0074 0074 WAIT Timeout stops RPC server from working

We have EntireX 7.3 installed on HPUX 11i, and we have a Broker running with 3 Natural RPC servers running. We use the Java wrapper ACI to make calls from our web application to our Natural subprograms. We sometimes receive the error class 0074, error code 0074 “WAIT Timeout”. I realize that this is a normal error to receive if the call takes too long. However, what seems to be happening is once we receive the WAIT Timeout error, that instance of the RPC server stops responding. The UNIX process appears to still be out there, but we cannot make calls to that RPC server. This behavior is not good, as once all of the RPC server instances we have running are “killed” in this manner, all users are prevented from accessing the system.

Does anyone have any insight into this problem?

Eddie

1 Like

Hi Eddie,

I think it is actually the other way round: for some reason the RPC servers stop to handle requests from clients and this results in the 0074 0074 on the client side.

You probably need to turn on tracing/logging in the RPC servers to see what is happening.

OK, we’ve got the RPC trace log turned up. I can see when the subprogram is called, we were getting the following error:

*** Execute callnat… RPS541N1 at 11:44:09
M RPS541N1 1110 NAT1101 The specified maximum page count has been exceeded.
0 SERVER: RPC100

However, I’m not sure that this error was occurring just before the WAIT Timeout is received, or if it is unrelated.

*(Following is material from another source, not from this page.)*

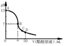 B.在B点,a>25,且有c(Na+)=c(CH3COO-)>c(OH-)=c(H+)

The programmer has since modified the program. They stated that there was a REPEAT loop that was never being escaped.

I’m going to try to reproduce this with a simple program that loops continously.

Eddie

if the program loops continuously, it can cause a fatal error - global type exceptions to Natural (CPU limit exceeded, call limit, loop limit, etc) may cause the Natural RPC Server to terminate: the RPC process is largely just another Natural program to the batch Natural process and it is governed by most of the same rules as any other Natural program.

And since the Natural RPC Server (unlike the EntireX RPC Servers) does not have any dynamic start/stop/restart of servers, terminating the process terminates the server.

The specific condition you are encountering is that the Broker has not heard from the server within the WAIT time out period, causing Broker to return a 0074/0074 message to the client. However, since your server process is still running (looping uselessly), it has not terminated yet. If you compare the time of the NAT1101 error with the time the CALLNAT was started, you will likely find that it exceeded the wait time out. I would guess that the WAIT time out was exceeded while the REPEAT process was looping and sometime after, the NAT1101 was reported.

From what you report, it would appear that the RPC Server was able to continue following the NAT1101 message. If you want to free up the RPC Server sooner, set your maximum limits (CPU, database calls, page count, loop limit, etc) lower to cause the max error message to be encountered sooner.

Thanks Doug. It seems like exactly what you describe was happening. The subprogram loops continously, and we receive the 0074 0074 on the client. Meanwhile, the RPC server process is still out there looping. Eventually, it does seem to cause a fatal error, as after awhile we get 0007 0007 Service not registered; the RPC server is gone at this point.

Should we just call this one ‘programmer error’?